The New Raw

The New Raw in collaboration with Envisions

art direction Sanne Schuurman
Roel Deden
text Fred Erik

the material lookout
The New Raw

Our environmental awareness of the impact of materials has made us radically rethink how we design and produce. Fossil fuels have been banned from the list of ingredients and material compositions have been rethought from the ground up. 


A more conventional approach to recycled plastics can be found in the Greencast® acrylic sheets by Pyrasied. Made entirely from recycled pre- and post-consumer acrylic, It’s a high-quality alternative that cannot be distinguished from its virgin counterparts.

Plastics aside, textile is another inexhaustible source of waste that offers countless possibilities for new materials. The consortium of Imat, C2C ExpoLab, FBBasic, Texperium, and Trützschler took on the challenge of creating yarn from multiple fiber sources that meets the highest quality standards. Their Mixed Fibers Recycled yarn combines several types of fibers, materials, colours, and quality levels, which are impossible to sort industrially. The result is a versatile yarn with exceptional technical properties that doesn’t compromise design-wise.

A bold approach to the new raw theme can be found in the Karuun Ratan wood panels. With the aid of a filling agent, rattan tubes are turned into a solid material that is permeable to both light and air. In combination with coloured dyes, the porous yet strong material turns into a stunning palette of different shades. Having a soft touch similar to wood, the material is a lightweight and visually surprising alternative for anyone who’s looking for a versatile natural material. By combining a natural source with modern techniques, the Ratan wood panels feel familiar yet surprising, natural yet modern.


The modern and slick aesthetics that resulted from the industrial revolution are subsequently making way for an interesting new material pallet, one that appeals to our natural desires without feeling primitive or outdated. The combination of nature sourced or recycled matter with cutting edge techniques gives shape to new types of materials that can best be described as the new raw.

Exemplary is Ad Majoris’s compound material MAJ’ECO, a polypropylene with mineral and renewable filler from shellfish. Intended for injection moulding, the material combines plas-ticlike qualities with a low carbon footprint and surprising aesthetics. Resembling the look and textures of fiberboard, the woody material can be processed by injection and extrusion moulding.

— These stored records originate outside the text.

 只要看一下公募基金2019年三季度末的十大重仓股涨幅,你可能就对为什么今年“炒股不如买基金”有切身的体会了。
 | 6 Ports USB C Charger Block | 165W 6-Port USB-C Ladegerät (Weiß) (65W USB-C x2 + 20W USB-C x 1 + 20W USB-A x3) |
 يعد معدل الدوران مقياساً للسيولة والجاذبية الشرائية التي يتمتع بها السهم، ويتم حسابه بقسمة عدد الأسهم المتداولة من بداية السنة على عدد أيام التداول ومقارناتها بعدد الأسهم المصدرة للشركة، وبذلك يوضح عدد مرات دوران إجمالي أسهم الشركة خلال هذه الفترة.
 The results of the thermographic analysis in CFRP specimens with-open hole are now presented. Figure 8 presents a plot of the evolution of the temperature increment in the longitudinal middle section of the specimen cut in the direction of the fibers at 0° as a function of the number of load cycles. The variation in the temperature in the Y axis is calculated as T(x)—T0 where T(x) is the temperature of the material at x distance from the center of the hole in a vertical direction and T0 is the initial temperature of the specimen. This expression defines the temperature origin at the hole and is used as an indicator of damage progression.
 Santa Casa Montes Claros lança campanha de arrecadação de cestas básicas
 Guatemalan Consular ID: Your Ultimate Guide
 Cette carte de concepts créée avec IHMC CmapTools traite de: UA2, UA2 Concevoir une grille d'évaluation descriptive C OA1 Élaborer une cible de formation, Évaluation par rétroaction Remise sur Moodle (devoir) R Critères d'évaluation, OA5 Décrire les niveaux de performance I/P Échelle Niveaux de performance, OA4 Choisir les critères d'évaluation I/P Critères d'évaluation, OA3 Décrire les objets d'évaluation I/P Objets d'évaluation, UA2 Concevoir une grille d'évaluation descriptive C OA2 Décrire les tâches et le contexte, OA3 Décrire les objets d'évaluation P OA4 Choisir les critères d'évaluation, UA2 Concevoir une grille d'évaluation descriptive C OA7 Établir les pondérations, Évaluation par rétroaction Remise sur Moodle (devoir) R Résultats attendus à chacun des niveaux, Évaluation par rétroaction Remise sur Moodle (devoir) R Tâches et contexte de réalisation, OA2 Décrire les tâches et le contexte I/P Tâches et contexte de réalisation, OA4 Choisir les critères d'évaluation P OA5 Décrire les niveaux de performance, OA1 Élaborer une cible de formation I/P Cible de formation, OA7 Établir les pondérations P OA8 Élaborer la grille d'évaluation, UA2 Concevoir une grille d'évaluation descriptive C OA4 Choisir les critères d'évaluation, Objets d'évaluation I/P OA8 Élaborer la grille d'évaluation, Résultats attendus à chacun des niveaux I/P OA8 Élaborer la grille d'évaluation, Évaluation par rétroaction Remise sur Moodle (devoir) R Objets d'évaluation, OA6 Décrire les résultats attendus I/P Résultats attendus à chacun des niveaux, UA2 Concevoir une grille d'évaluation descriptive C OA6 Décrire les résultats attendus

Shellfish isn’t the only leftover material that’s abundantly available. The over-production and mass consumption of plastics has catapulted the material into a mass polluter. It’s one of our greatest challenges to address and solve the 400 million tonnes of plastic that are produced annually, and the Good Plastic Company is determined to make a positive contribution. Their recycled plastic sheets are of the highest quality and composed of a single plastic-type to extend their lifespan indefinitely. For example, their sunflower material is a summerly pattern made from discarded transport boxes and production waste materials. Its semi-translucent yellow surface fills every interior with a warm glow. 

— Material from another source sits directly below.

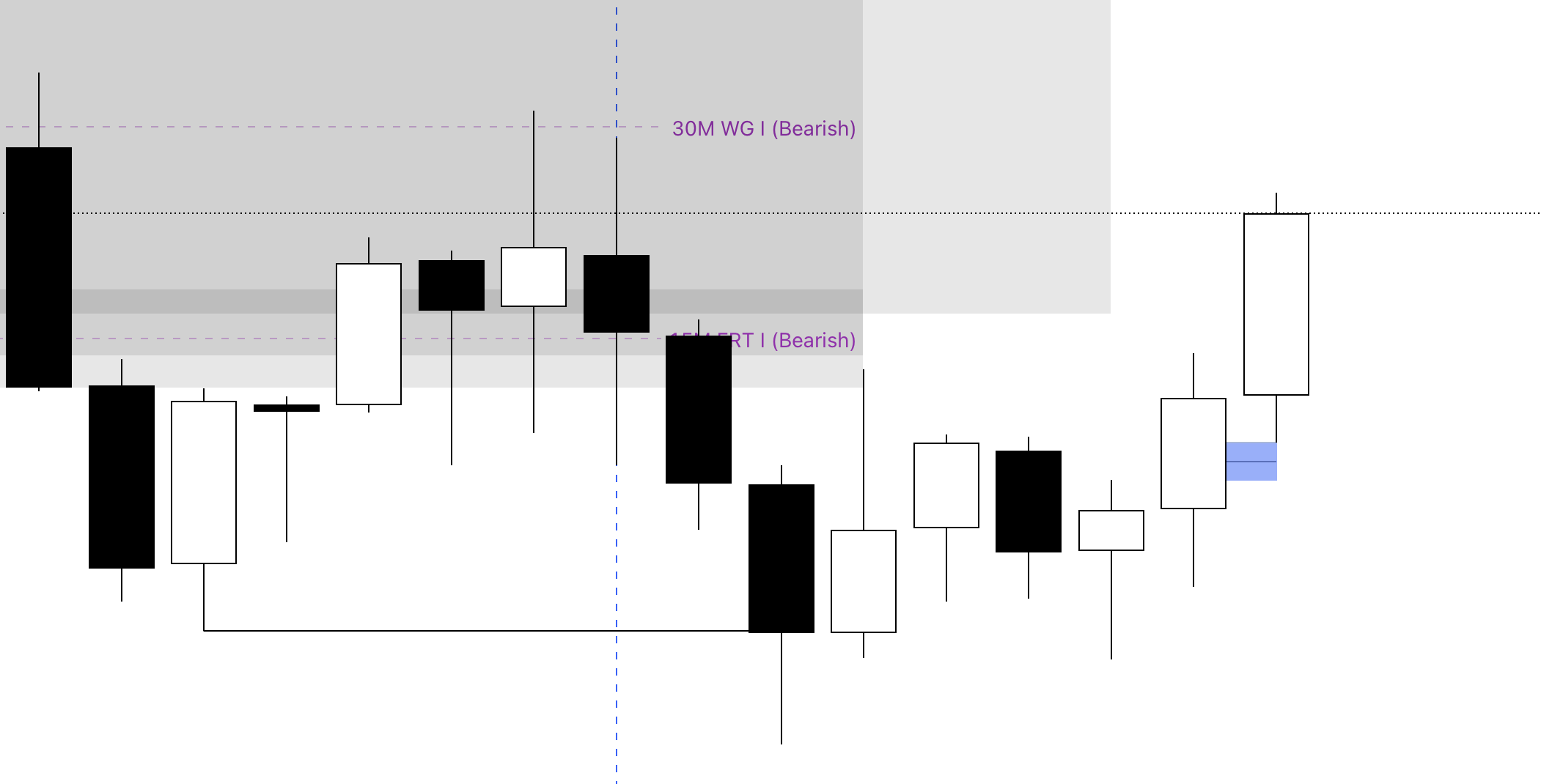 Confluences: A 15M ERT inverse FVG within the bullish; 30M WG inverse FVG.

Equal natural aesthetics can be seen in the Re-Tire rubber cork from Capri Collections. Rubber waste is combined with cork to produce a sustainable and flexible material. The resulting composite has excellent insulating properties and can serve as non-slip decorative flooring. The addition of cork lifts the rubber tiles to new aesthetic heights by generating a warm, natural feeling. The material combines elements from the natural and the industrial in an intriguing whole with high performative capabilities.

With the Calme aluminium panels from Sonogamma it’s not the addition of another material, but texture that twists a familiar material. By injecting aluminium in its liquid state with air, the material becomes both lightweight, porous, and sound-absorbing. The combination of aluminium’s slick silver looks with a tactile surface makes it a versatile partner for interi-ors where sound control is key.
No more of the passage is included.